How to manage message visibility timeout effectively?

Question

We have a process that takes from 30 seconds to 5 minutes depending on the event. Our base architecture looks as follows (python 3.9, boto3 to send_message to sqs):

lambda function A looks up to the database and decides on events
events are pushed into the standard SQS queue (VisibilityTimeout: 600)
lambda function B is triggered by SQS queue from point (2) - since we want to process one message at time, the trigger's BatchSize is set to 1 and the ReservedConcurentExecutions for the function is also set to 1. Function timeout is 600.

The VPC and NAT gateway are configured.

We spotted that the subsequent messages are processed always in 10 minutes intervals although functions invocations are completed successufully earlier.
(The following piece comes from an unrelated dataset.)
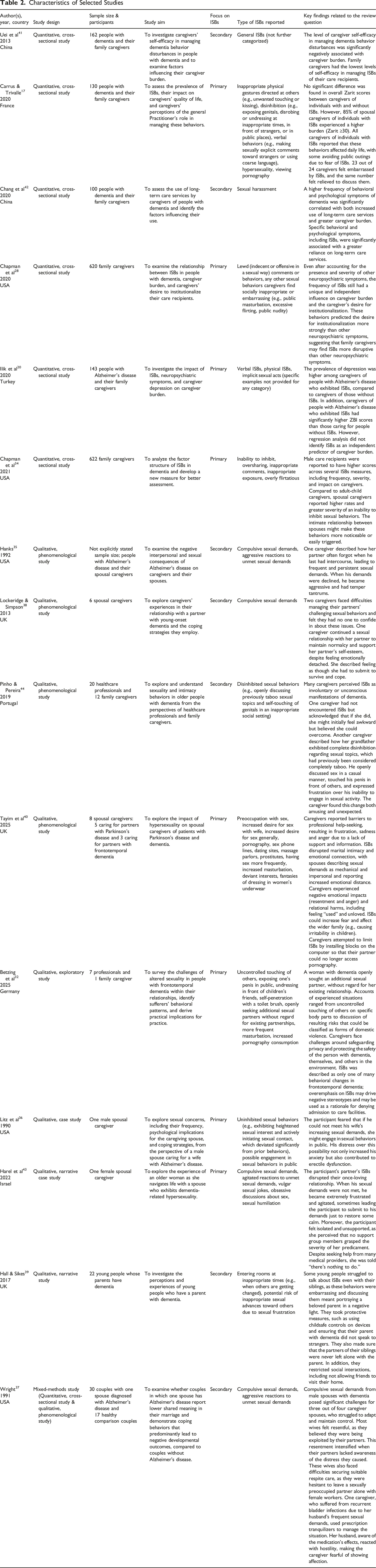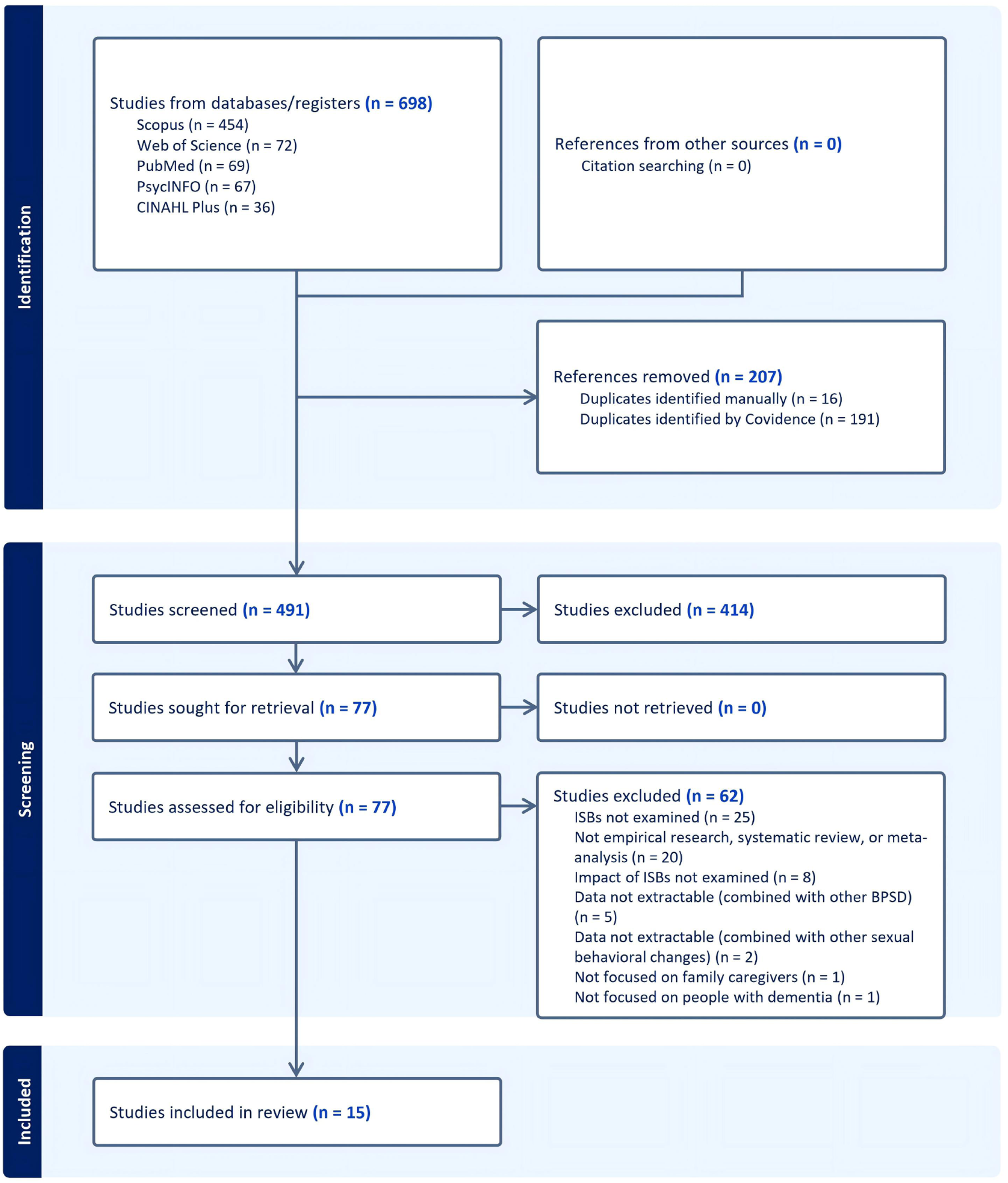 Studies involving any aspect of ISBs’ impact on family caregivers were included. Studies focusing solely on professional caregivers were excluded.

We intend to manage time more efficiently and tried to shorten message visibility timeout to 1 minute by default and extend it by 1 minute every 30 seconds (we use boto3 client.change_message_visibility) during the function B execution. It seems it does not work - almost all the messages end up in our dead letter queue (the CloudWatch logs do not suggest any error).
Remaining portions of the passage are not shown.